I don't think it is working correctly as the RequiresMountsFor would prevent it from starting zram on boot as those DIrs would not be mounted and as such would fail.
See https://github.com/mstormi/openhabian-zram/pull/5 for continued info
I presume you have seen https://community.openhab.org/t/mapdb-no-restore-at-startup-for-item-status/102835/61 But I just don't know what else to check now that zram start seems to always work on my test system. My hope is just it is because of storage.mount and dependencies intro'd in #1077.
Did you have him reinstall the timesync dhcp hook to see if that fixes the issue?
not explicitly but I had him reinstall and as that's in master now it should be there.

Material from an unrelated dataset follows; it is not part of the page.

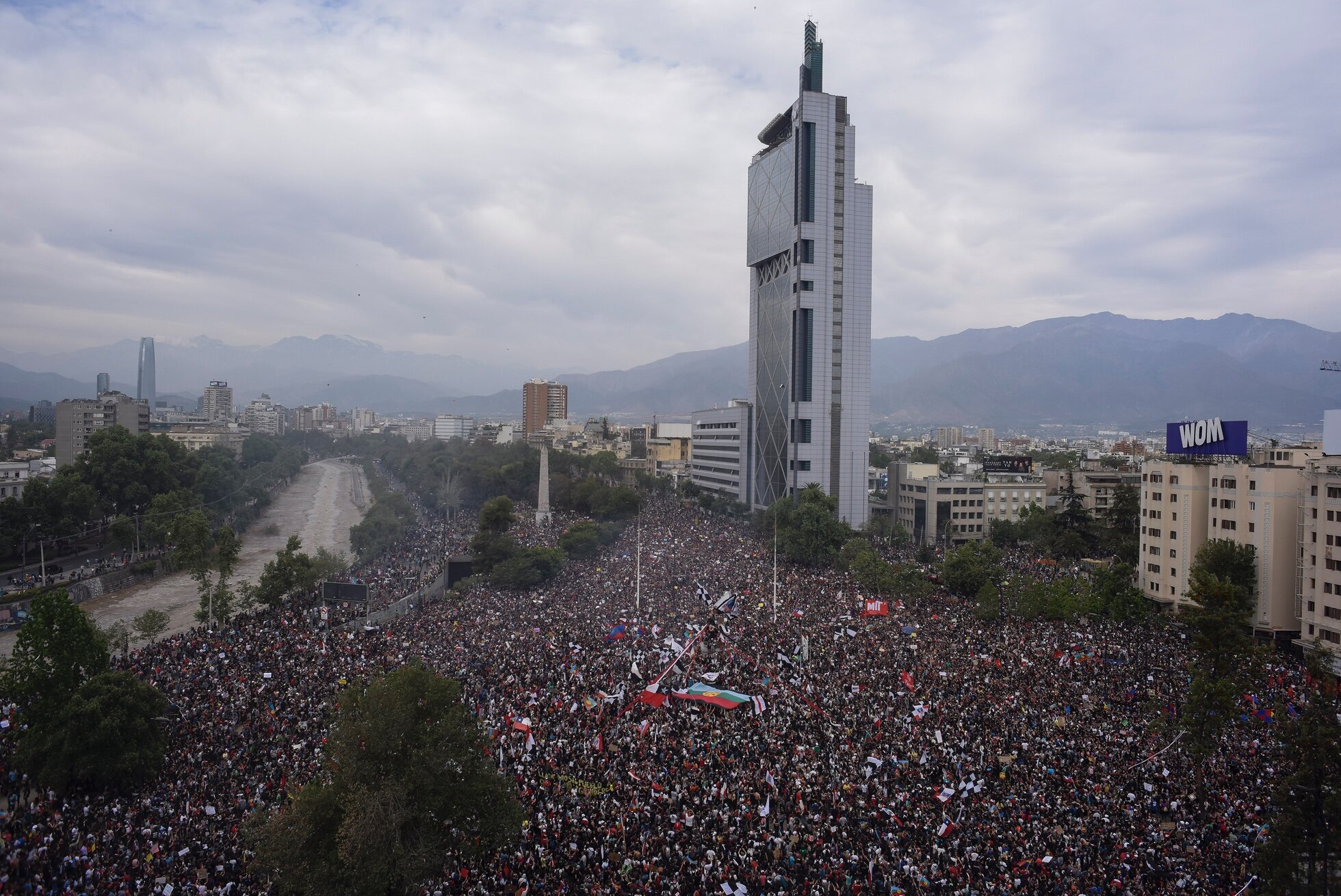 25 октября на митинг в Сантьяго — столице Чили — вышли 1,2 миллиона человек. Эта акция стала самой массовой для страны с 1988 года, когда миллион чилийцев присоединились к митингу против тогдашнего правителя Аугусто Пиночета. Нынешние протесты начались 6 октября, после незначительного повышения цен на проезд в общественном транспорте, но их реальной причиной стали структурные проблемы чилийской экономики. Протесты переросли в беспорядки и столкновения с полицией, в которых 18 человек погибли и около двух с половиной тысяч были задержаны. Правительство Чили отменило повышение цен на проезд и пообещало разработать программу экономических реформ, но протесты пока не утихли.

See my latest post at https://community.openhab.org/t/mapdb-no-restore-at-startup-for-item-status/102835/66
Not sure why local-fs.target depends on srv-openhab2*.mount
.
/srv/... is loopback mounts that require the mount they loop back to exist so After=local-fs.target in their .service definitions should be about right.
Eventually any .mount
implicitly is part oflocal-fs.target
?
See also https://unix.stackexchange.com/questions/519221/how-can-i-solve-this-ordering-cycle-in-a-mount-unit
I'm thinking to remove those /srv
mounts and export the real dir(s) instead but that's only the second best option.
If possible I'd like to keep those.
As there's reports of mapdb persistence data (to run on ZRAM) not being restored, I've investigated how zram behaves and found out that if you simply 'reboot', changes sometimes are lost.
I'm asking all of you for help. I just don't understand what's going on here.
[ hint for debugging: the lower FS contains the directory as it existed when ZRAM starts for a dir. It's mounted under /opt/ram/*.bind so I use [
date>/var/lib/openhab2/persistence/date
andcat /opt/zram/persistence.bind/date /var/lib/openhab2/persistence/date
after startup to see the last modification date ]On boot persistence files are what they used to be on last time's zram start. When you manually systemctl stop zram-config before boot, files are apparently correctly synced to lower FS (on SD card).
So this seems to be a systemd config problem !? Apparently there's no systemctl stop zram-config being carried out ? Anybody proficient in debugging systemd startup/shutdown order ?Preliminary investigations show zram-config stop is called. But it does not always work.
Another possibly relevant detail: freshly after boot, with oh2 running, I get a warning although I don't modify any systemd config files:
There's a known bug to output this but I'm not sure if that is what I hit because that is said to be just cosmetic.